Alternative Spring Break takes students to a secluded small town in West Virginia

The Daily News

Elyse Brenner and Mayu Watanabe shovel $6,000 worth of coal into a furnace. This is the 10th year of Ball State’s Alternate Spring Break program. DN PHOTO CARIEMA WOOD
Elyse Brenner and Mayu Watanabe shovel $6,000 worth of coal into a furnace. This is the 10th year of Ball State’s Alternate Spring Break program. DN PHOTO CARIEMA WOOD

Freshman nursing major Tessa VanVelzer could have gone to Panama City, Fla., to relax on the beach. Instead she went to the small, poverty-stricken community of Caretta, W.Va., a place in the seclusion of mountains. Many houses were only charred remains, from what VanVelzer was told was the result of an epidemic of poor electrical wiring. She has done similar volunteer projects in the past, so she wasn’t shocked at the amount of poverty in the town. Her biggest shock came from getting to know the locals.

A local Caretta man, who was supervising the students in their building projects, invited the students to his home. Although he was lending his tools and time to rebuild the houses of his neighbors, his own home was as VanVelzer described one of the worst. The floors were warped, the outside of the small house was visibly rotting. 

“He has so little, but he was willing to give so much,” VanVelzer said. “I really saw that when we visited his home. The people there have a really big heart ... I didn’t realize people like that existed.”

VanVelzer was struck by the number of people who “had almost nothing but still found ways to serve.” 

She was one of the 31 Ball State students who went to Caretta as part of the university’s Alternate Spring Break program. The 27 undergraduate students and four graduate students were accompanied by a staff member to do volunteer work in this small town in West Virginia. 

Volunteers did manual labor in the housing sector of the community. The group worked to renovate six houses and a community center, performing tasks like replacing flooring and installing a handicap rail. Junior criminal justice major Marcus Kelly not only gained from being able to help a worthy cause, but he also learned repair and building skills that he can use back home such as dry walling, patching roofs and putting in floors.

“On the trip I realized that people will appreciate anything, whether it’s something as small as a smile or big, like building them a house,” Kelly said.

Part of the focus of the trip was also on the effect of poverty on K-12 education. Volunteers hosted a “Dr.

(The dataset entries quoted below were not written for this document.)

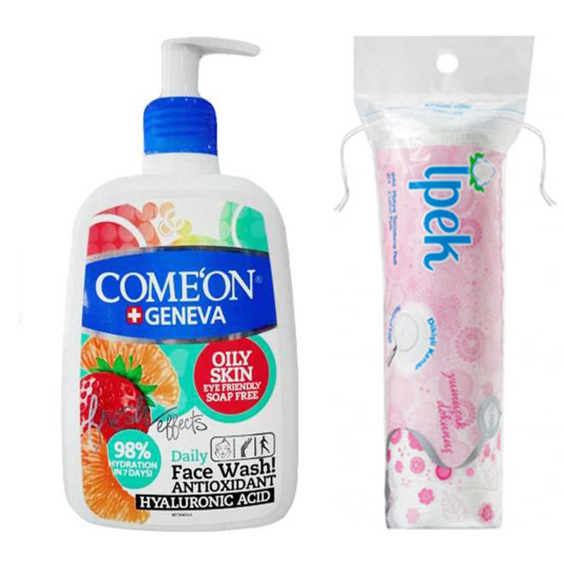 ژل شستشو صورت کامان مدل Oily حجم 500 میلی لیتر به همراه پد پاک کننده آرایش ایپک بسته 70 عددی
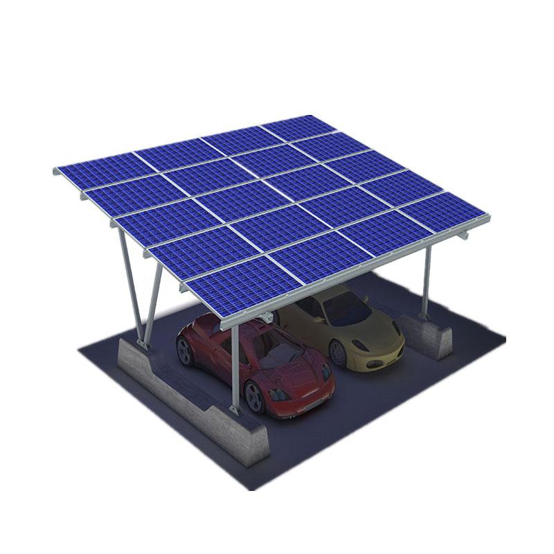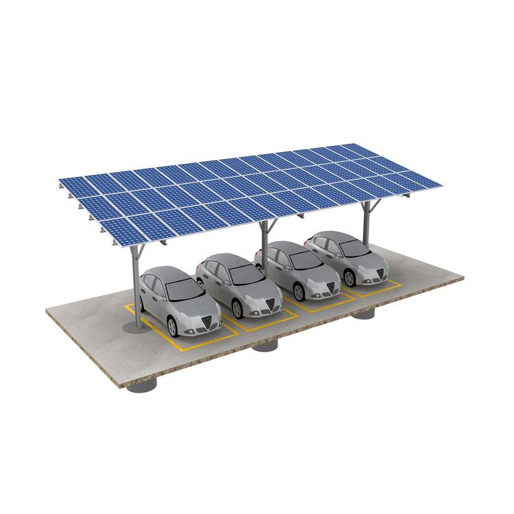 Parking roof carport can be mounted on concrete foundation or ground screws. Customized tilt angles meet complex requirements of construction site and use effectively energy of sun. Pre-assembled beam saves labor time, reduces cost and makes installation quick.
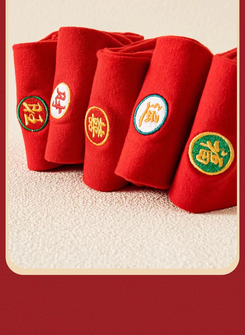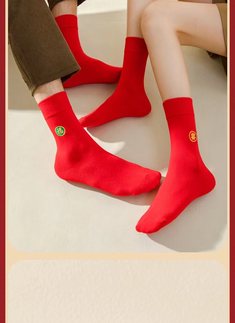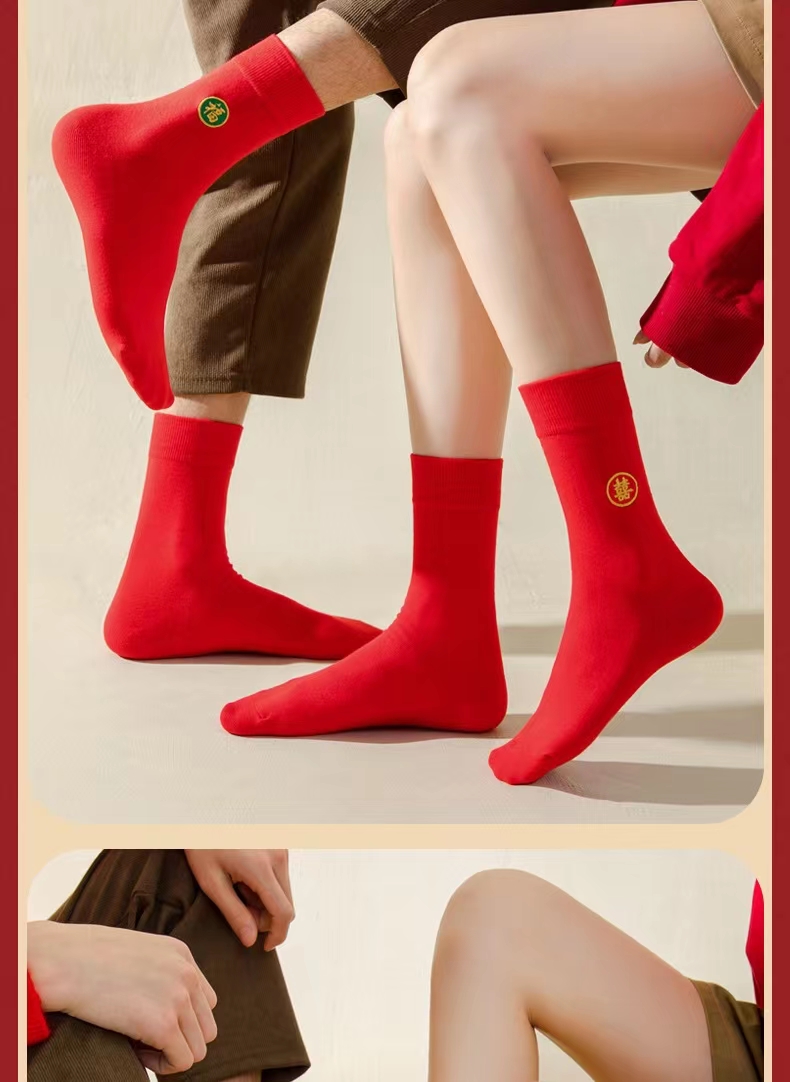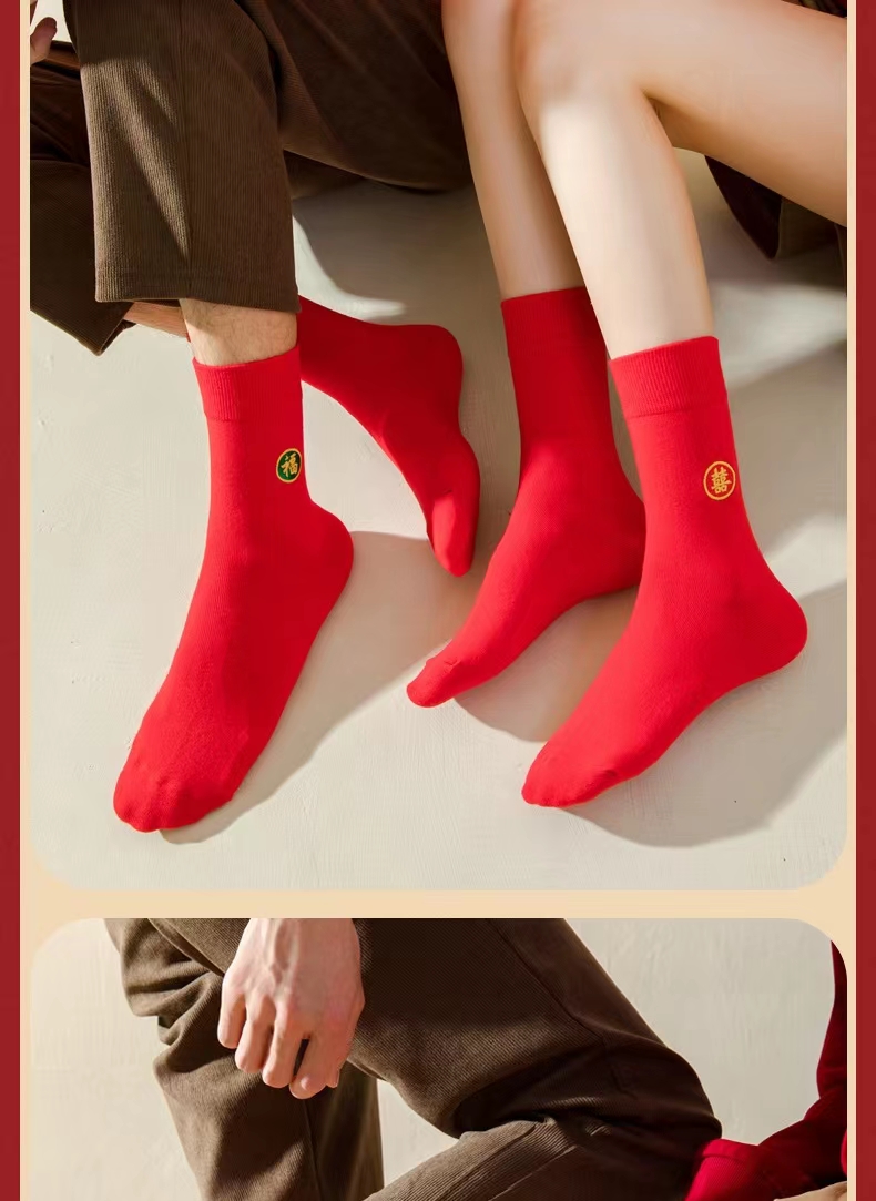 米旗 刺绣红袜子 过年大红袜 情侣款红色中筒袜

Seuss Literacy Day” at a K-8 elementary school where they distributed books to the students. The group also met with high school seniors to discuss college possibilities. Students received information on how to get to and succeed in college, as well as information on how to apply for Free Appication for Student Financial Aid and other financial aid opportunities. 

“A lot of these kids are told that college is not an option, but there are different ways to get there,” VanVelzer said. “You really feel isolated in the mountains; cut off from society, but we wanted them to know there’s more out there.”

The group coordinated with Big Creek People of Action, a local philanthropy group established in 1990 to improve the quality of life in the area. Much of the funding for the trip came out of pocket for the volunteers or from whatever funds they could raise individually. The trip was open to all students with a variety of majors represented, including nursing, journalism and education. 

Japanese foreign exchange student Mayu Watanabe recalled when searching for volunteer opportunities that she wanted to “go somewhere warm.” The junior education major said she was interested about poverty in the United States, a subject that doesn’t get much attention internationally. 

Kelly and VanVelzer plan to attend more alternative breaks and continue to do community service. 

“Giving back is one of the most fun things to do,” Kelly said. “When you do, you get a lot more back. I’ll take that over partying and alcohol any day.”